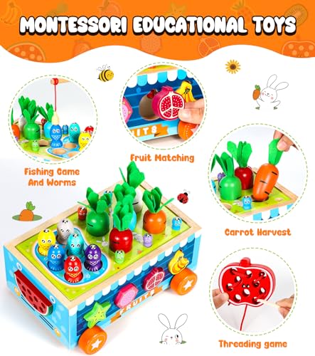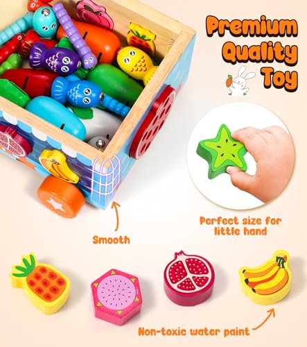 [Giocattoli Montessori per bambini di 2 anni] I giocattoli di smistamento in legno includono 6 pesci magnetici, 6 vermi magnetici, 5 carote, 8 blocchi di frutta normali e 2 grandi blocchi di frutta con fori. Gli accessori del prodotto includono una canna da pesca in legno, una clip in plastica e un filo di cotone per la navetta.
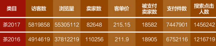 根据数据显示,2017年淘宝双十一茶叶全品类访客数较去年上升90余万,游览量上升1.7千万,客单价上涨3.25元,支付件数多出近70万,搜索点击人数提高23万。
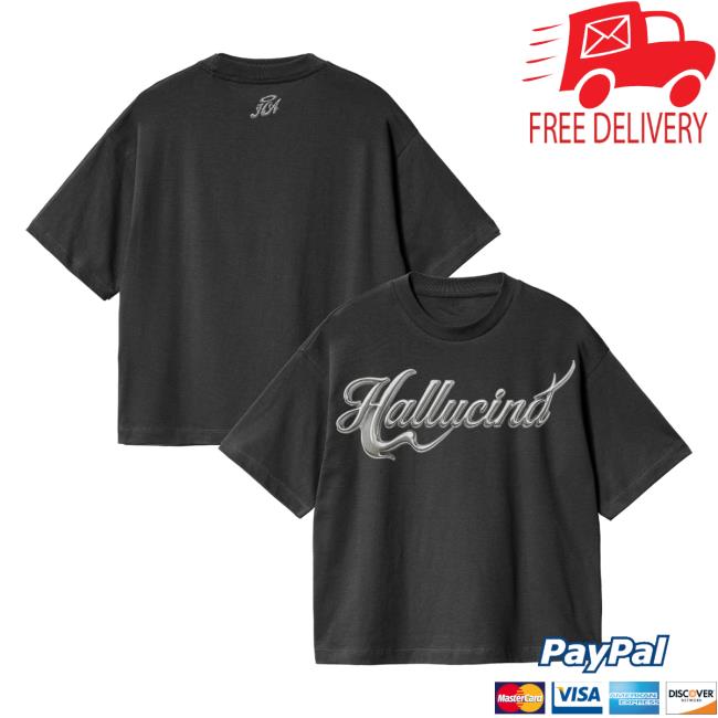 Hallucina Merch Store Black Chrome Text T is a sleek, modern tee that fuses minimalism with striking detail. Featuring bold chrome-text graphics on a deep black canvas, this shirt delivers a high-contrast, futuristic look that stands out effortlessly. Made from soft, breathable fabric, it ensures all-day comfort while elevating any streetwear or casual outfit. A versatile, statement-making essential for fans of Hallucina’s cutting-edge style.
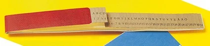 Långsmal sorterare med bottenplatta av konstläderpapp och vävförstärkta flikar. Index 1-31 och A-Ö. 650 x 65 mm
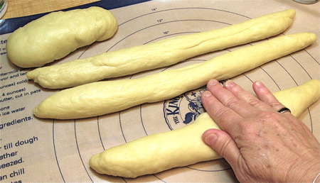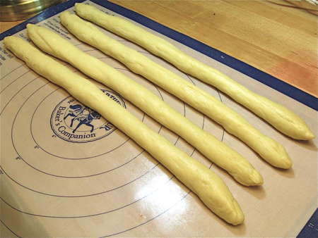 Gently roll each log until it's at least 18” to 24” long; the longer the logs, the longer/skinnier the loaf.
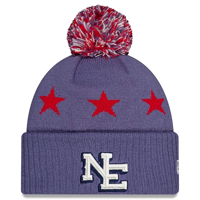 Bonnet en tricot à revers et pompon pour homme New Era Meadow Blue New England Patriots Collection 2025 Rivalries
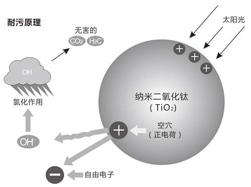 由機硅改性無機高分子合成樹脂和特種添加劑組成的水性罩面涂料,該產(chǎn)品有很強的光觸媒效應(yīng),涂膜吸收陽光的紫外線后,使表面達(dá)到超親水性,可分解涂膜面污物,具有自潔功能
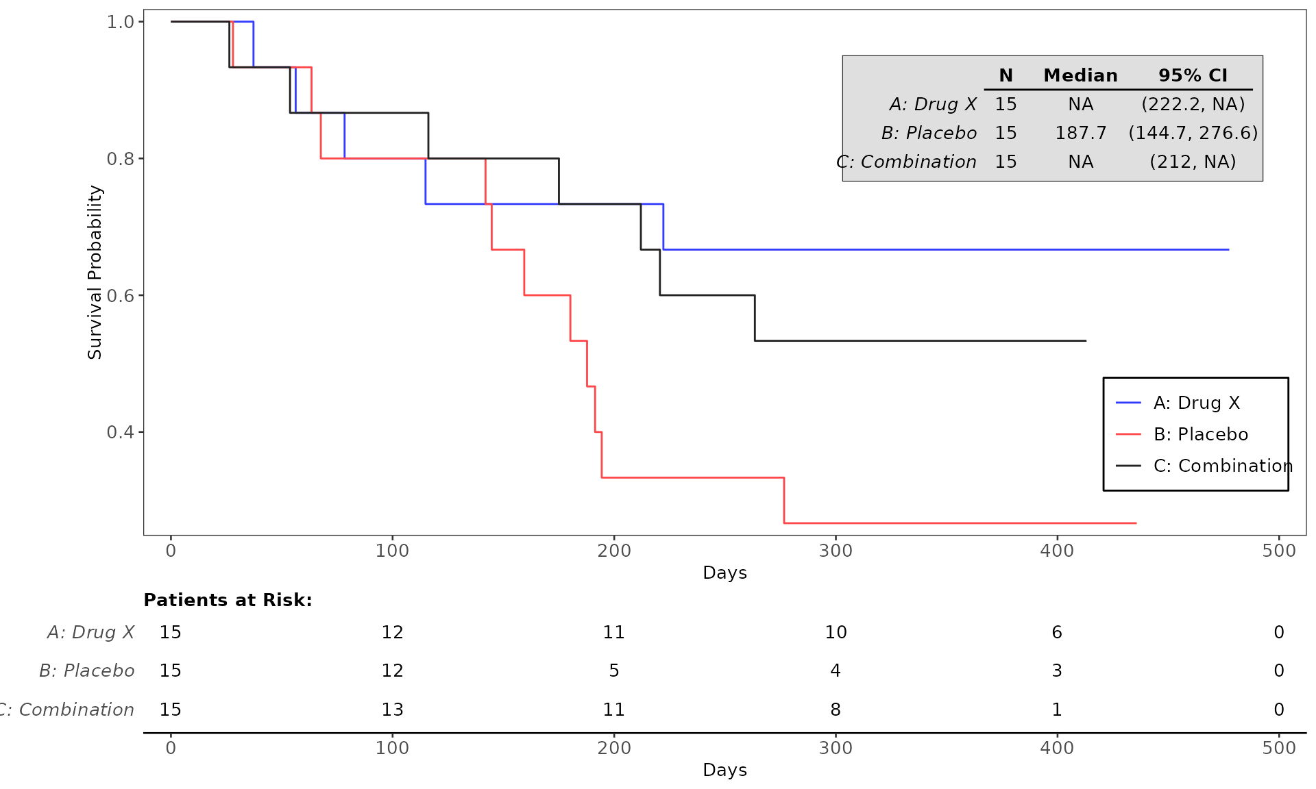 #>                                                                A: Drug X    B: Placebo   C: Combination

+ + +

- Task requirements
Once the line containing "由機硅改性無機高分子合成樹脂" is found in the records above, it and every line after it up to the last must be repeated exactly, without pictures.

- Answer to the exercise
 由機硅改性無機高分子合成樹脂和特種添加劑組成的水性罩面涂料,該產(chǎn)品有很強的光觸媒效應(yīng),涂膜吸收陽光的紫外線后,使表面達(dá)到超親水性,可分解涂膜面污物,具有自潔功能
 #>                                                                A: Drug X    B: Placebo   C: Combination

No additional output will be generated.